What to do –
After locating the line containing "如果你是一个潇洒自在,为人处" in the entries below, please write out that line and the rest through the end exactly. Omit pictures.

Data –
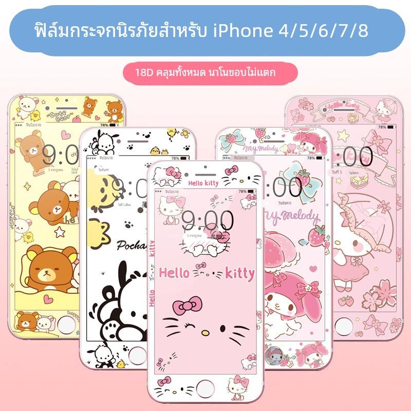 三丽鸥凯蒂猫kitty适用苹果4s/5s彩膜6s/7/8卡通玻璃贴膜美乐蒂iPhone7/8plus不碎边可爱浮雕彩膜SE2/3学生款
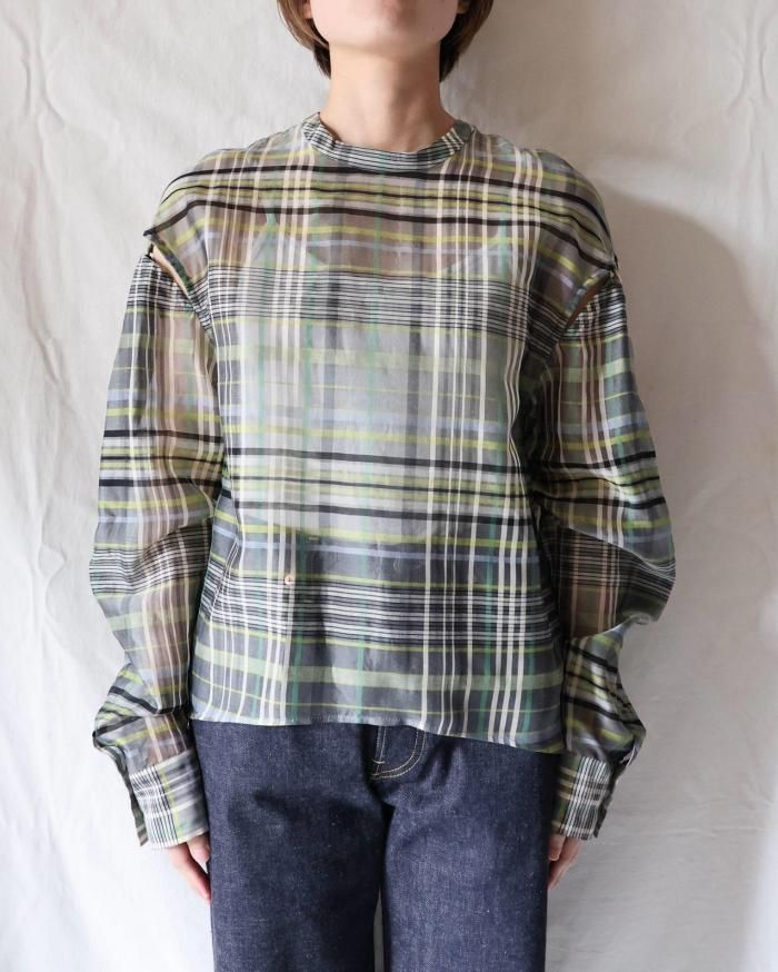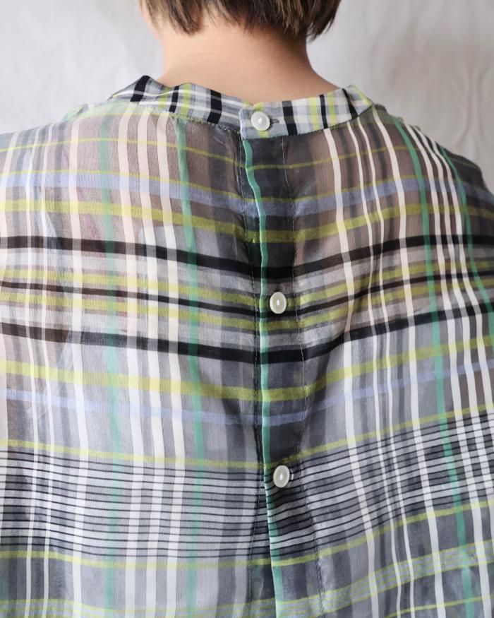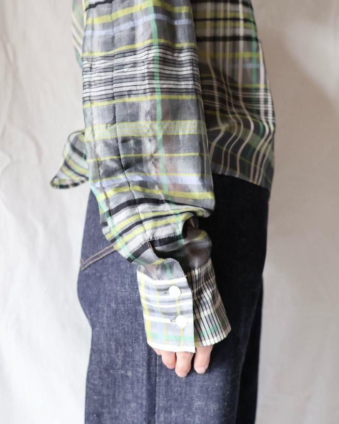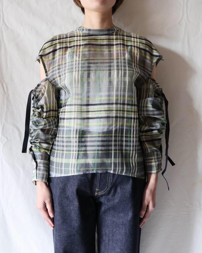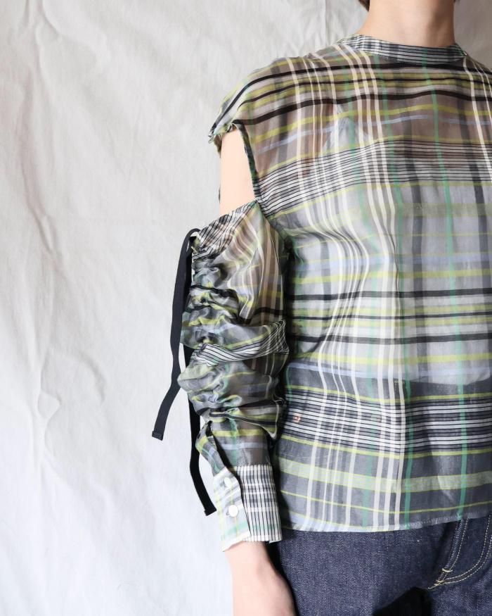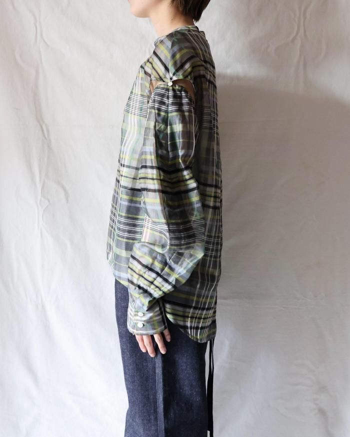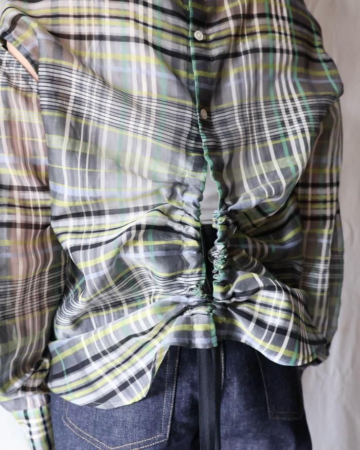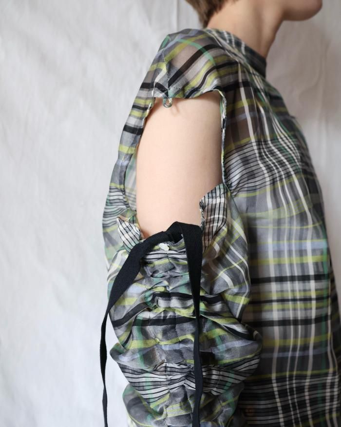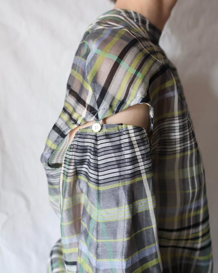 袖や後ろの紐を絞ったり、肩と袖を繋ぐボタンを外したり、前後反対に着用も。
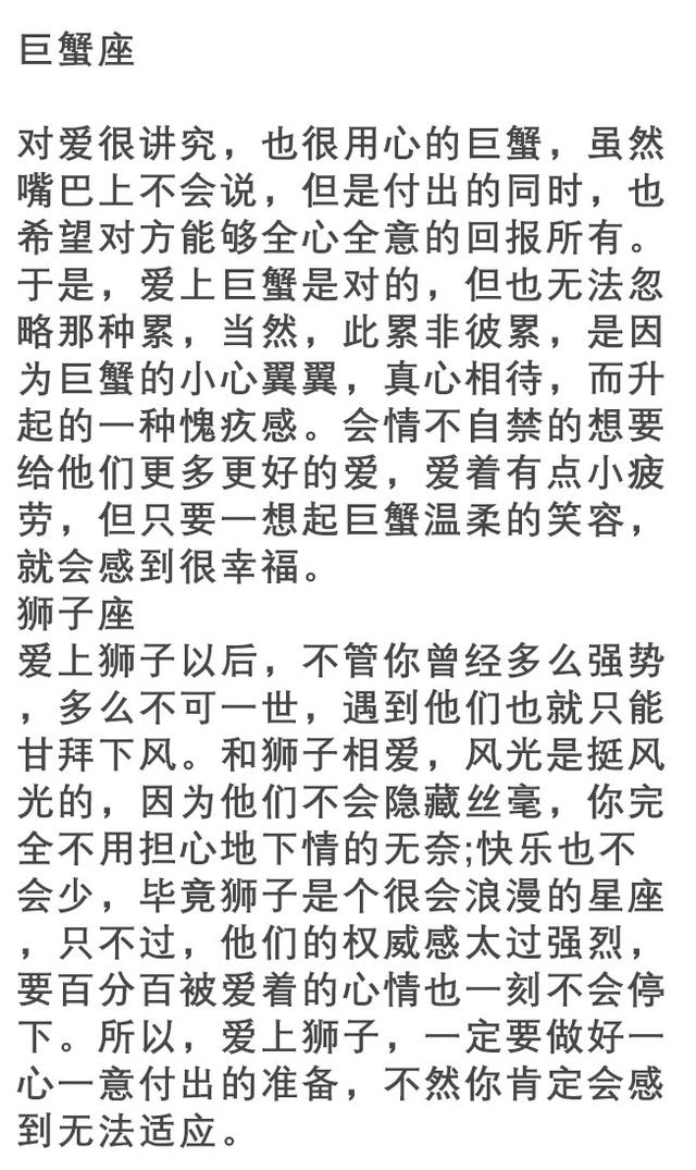 如果你是一个潇洒自在,为人处事不拖泥带水的人,那么爱上水瓶,那会是最绚丽的碰撞,激发的也是耀眼的火花,毫无累可言,满满的都是惊喜;但如果你是个喜欢想太多,占有欲过强的人,那么爱上水瓶就会很累很累,因为他们的私人空间不容硬闯,特别是友情这一块。重友轻色常常发生,想太多,占有欲太强,都会感到找不到爱的痕迹,进而忧心忡忡,赶不上水瓶的步伐。
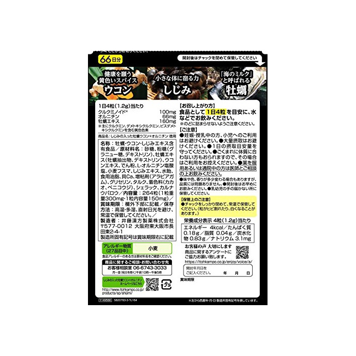 원본상품명: 井藤漢方製 しじみの入った牡蠣ウコン+オルニチン 用 264粒
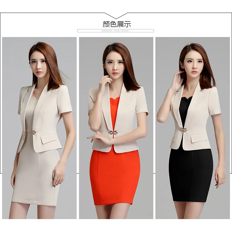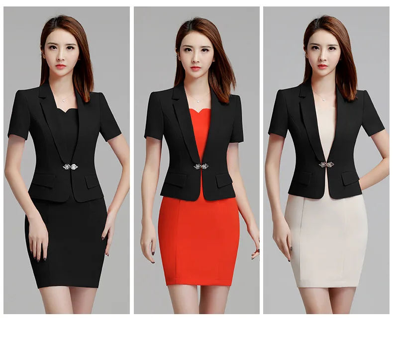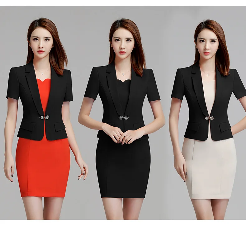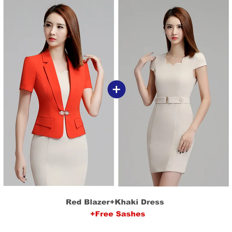 Fmasuth Women Summer Blazer Dress Suits Elegant Short Sleeve Blazer and Short Sleeve Dress Ladies Office Suit Set ow0302

Response to this task –
 如果你是一个潇洒自在,为人处事不拖泥带水的人,那么爱上水瓶,那会是最绚丽的碰撞,激发的也是耀眼的火花,毫无累可言,满满的都是惊喜;但如果你是个喜欢想太多,占有欲过强的人,那么爱上水瓶就会很累很累,因为他们的私人空间不容硬闯,特别是友情这一块。重友轻色常常发生,想太多,占有欲太强,都会感到找不到爱的痕迹,进而忧心忡忡,赶不上水瓶的步伐。
 원본상품명: 井藤漢方製 しじみの入った牡蠣ウコン+オルニチン 用 264粒
 Fmasuth Women Summer Blazer Dress Suits Elegant Short Sleeve Blazer and Short Sleeve Dress Ladies Office Suit Set ow0302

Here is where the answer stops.